To do: For the records below, please print exactly and only the lines from the one with "Oct 19, 2021;" down to the one with "このような奥行きのあるLDK", both ends included, omitting the pictures.
*** Provided entries Section Begins ***
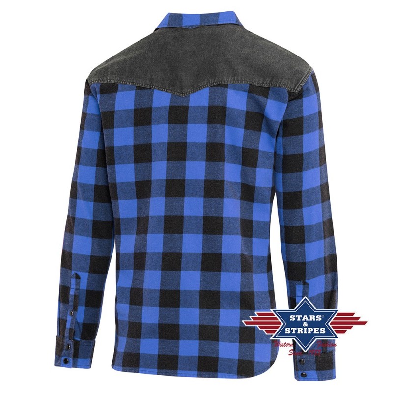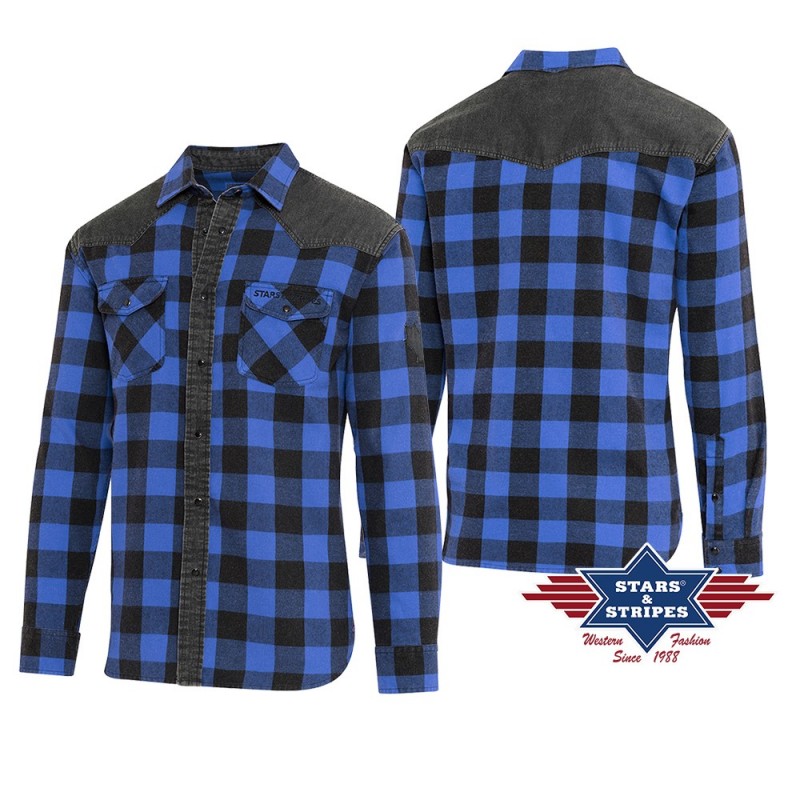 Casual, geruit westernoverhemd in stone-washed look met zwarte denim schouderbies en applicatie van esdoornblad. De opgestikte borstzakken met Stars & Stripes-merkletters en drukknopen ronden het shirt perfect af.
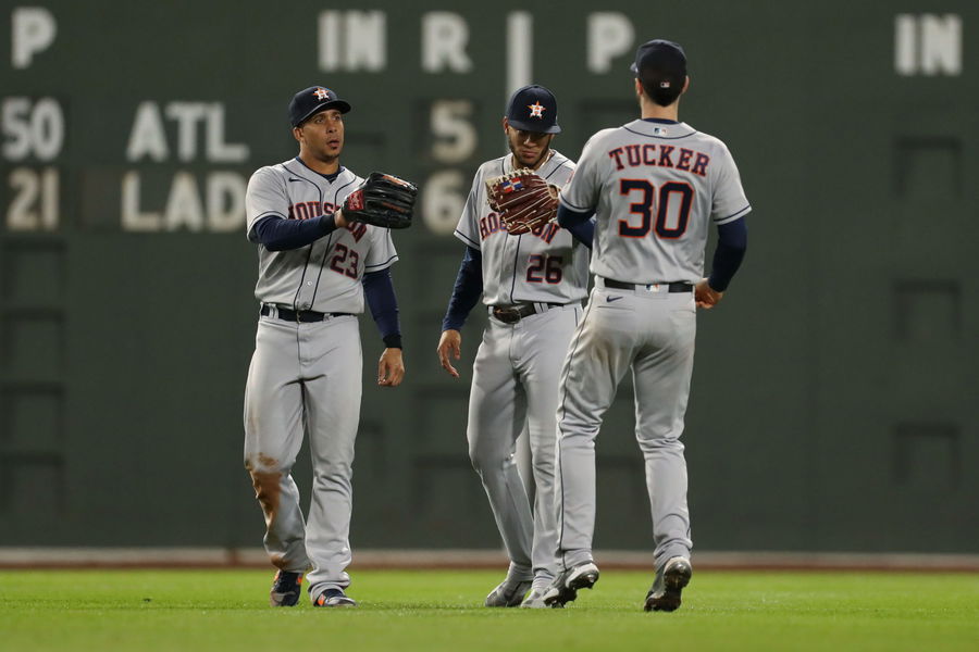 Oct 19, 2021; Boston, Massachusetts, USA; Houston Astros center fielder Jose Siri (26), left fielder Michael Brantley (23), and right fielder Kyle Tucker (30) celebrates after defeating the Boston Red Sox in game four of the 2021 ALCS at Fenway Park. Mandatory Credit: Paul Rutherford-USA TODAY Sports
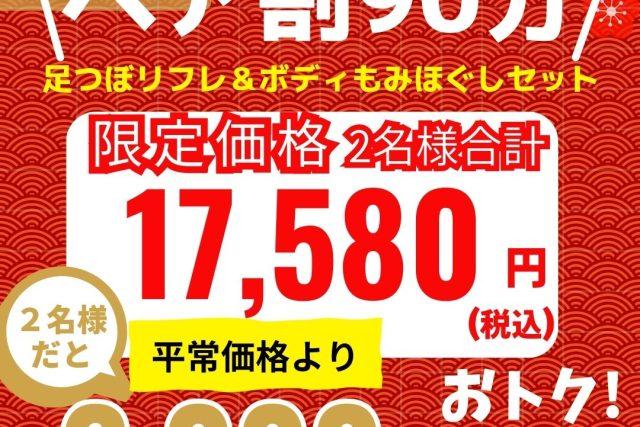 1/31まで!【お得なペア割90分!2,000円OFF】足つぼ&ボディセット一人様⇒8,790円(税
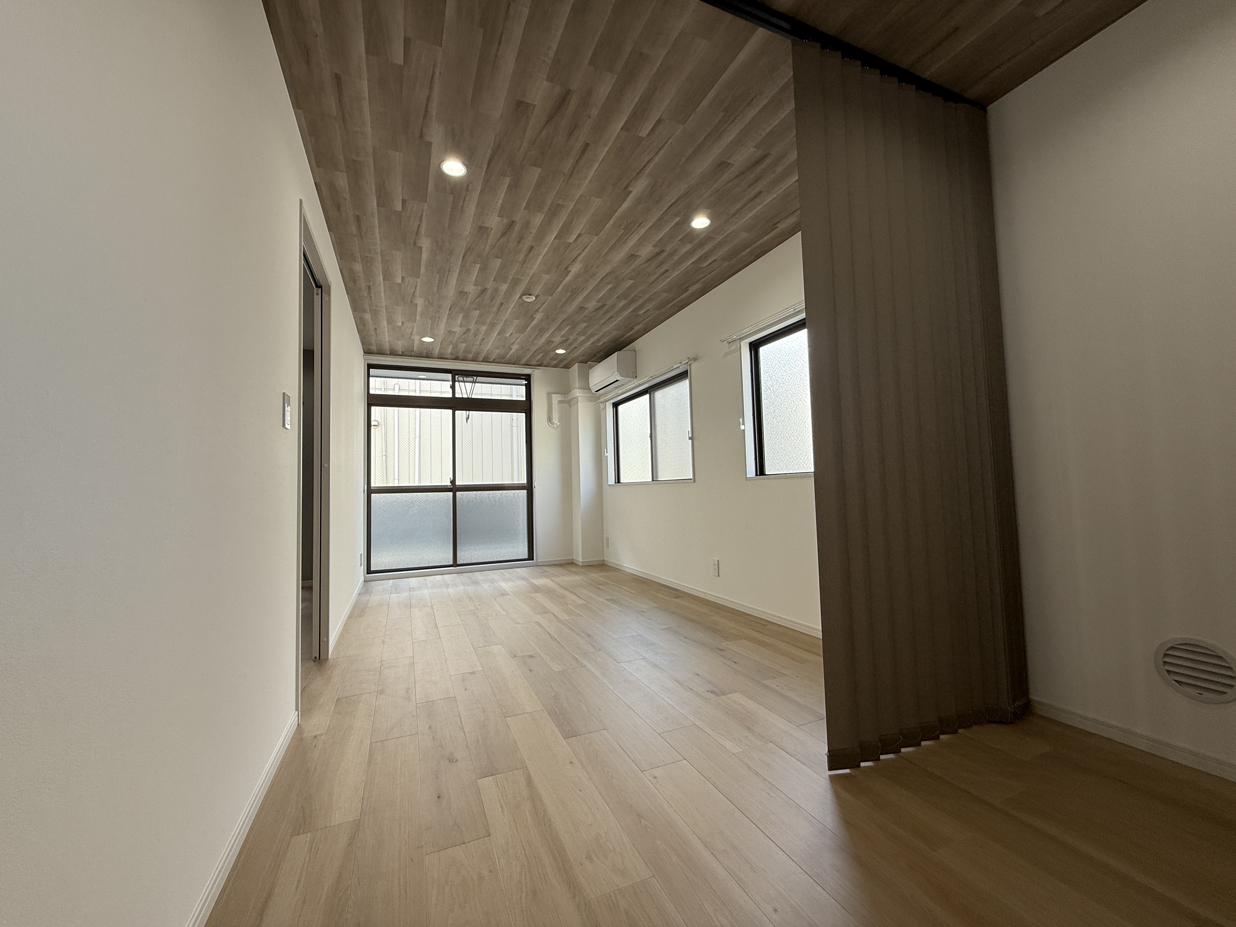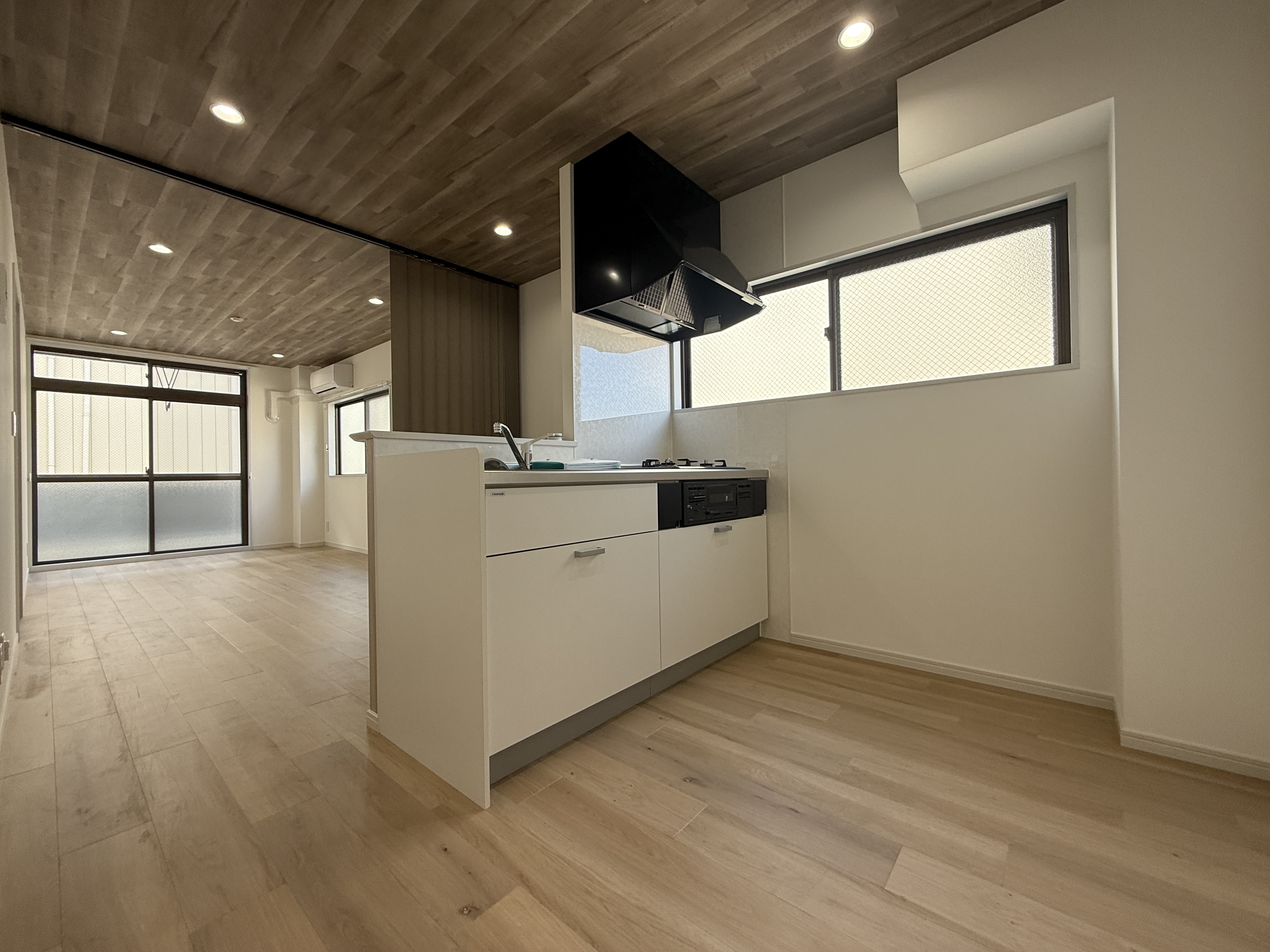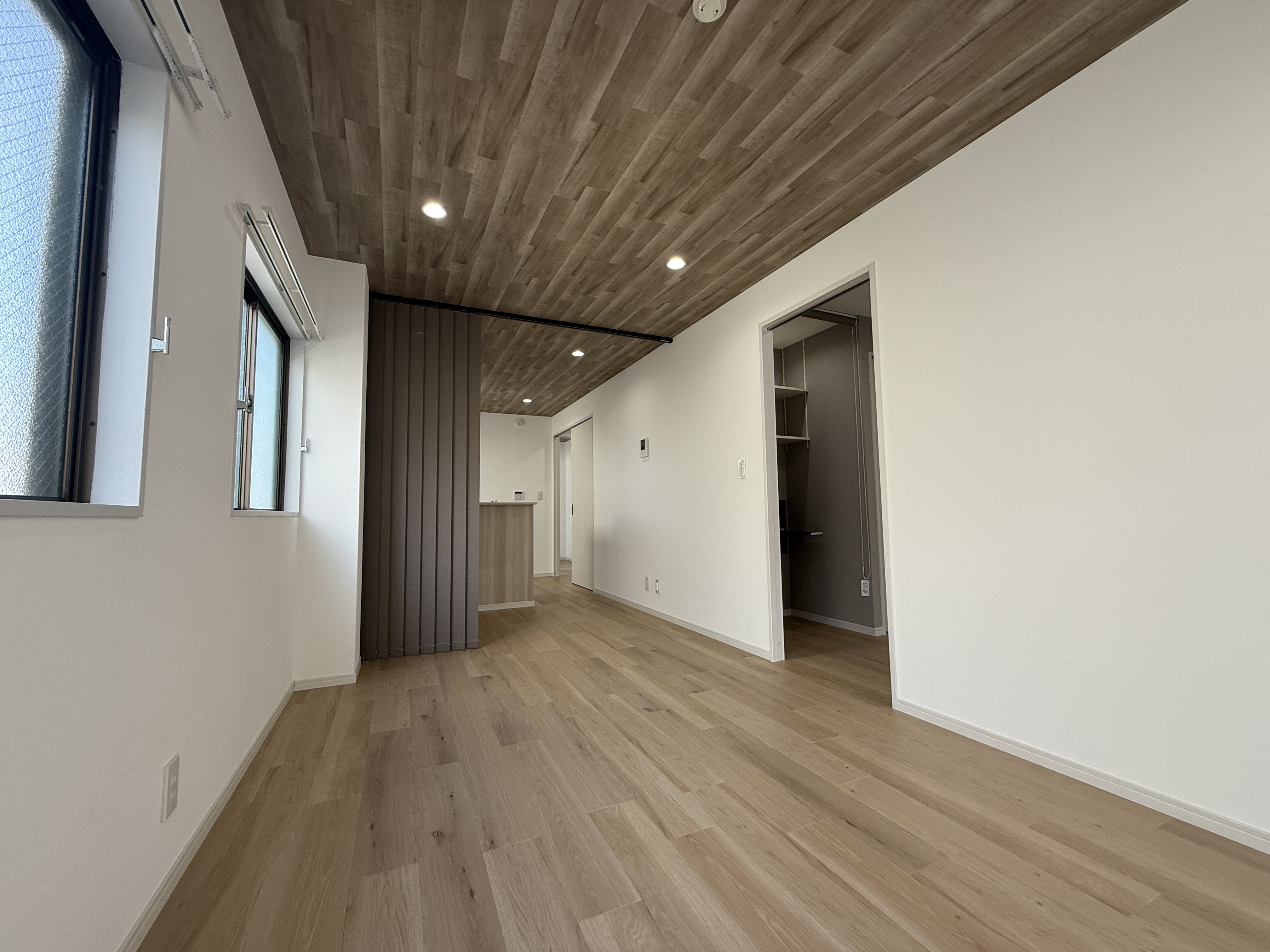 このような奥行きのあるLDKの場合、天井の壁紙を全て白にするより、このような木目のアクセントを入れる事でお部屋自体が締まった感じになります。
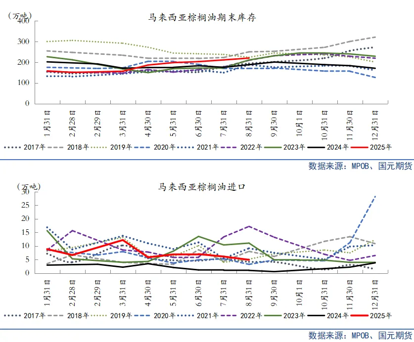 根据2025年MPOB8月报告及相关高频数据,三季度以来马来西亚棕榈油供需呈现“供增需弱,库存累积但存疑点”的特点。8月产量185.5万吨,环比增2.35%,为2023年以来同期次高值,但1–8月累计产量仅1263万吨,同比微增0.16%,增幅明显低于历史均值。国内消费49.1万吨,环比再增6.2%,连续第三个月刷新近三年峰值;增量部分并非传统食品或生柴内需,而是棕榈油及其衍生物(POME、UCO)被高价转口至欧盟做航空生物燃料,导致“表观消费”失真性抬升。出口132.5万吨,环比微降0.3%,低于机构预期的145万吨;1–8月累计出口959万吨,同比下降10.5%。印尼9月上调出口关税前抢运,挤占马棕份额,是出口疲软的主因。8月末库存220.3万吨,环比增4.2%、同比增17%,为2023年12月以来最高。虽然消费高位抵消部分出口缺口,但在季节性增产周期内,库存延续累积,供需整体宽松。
*** Provided entries Section Ends ***
Solution for this exercise:
 Oct 19, 2021; Boston, Massachusetts, USA; Houston Astros center fielder Jose Siri (26), left fielder Michael Brantley (23), and right fielder Kyle Tucker (30) celebrates after defeating the Boston Red Sox in game four of the 2021 ALCS at Fenway Park. Mandatory Credit: Paul Rutherford-USA TODAY Sports
 1/31まで!【お得なペア割90分!2,000円OFF】足つぼ&ボディセット一人様⇒8,790円(税
 このような奥行きのあるLDKの場合、天井の壁紙を全て白にするより、このような木目のアクセントを入れる事でお部屋自体が締まった感じになります。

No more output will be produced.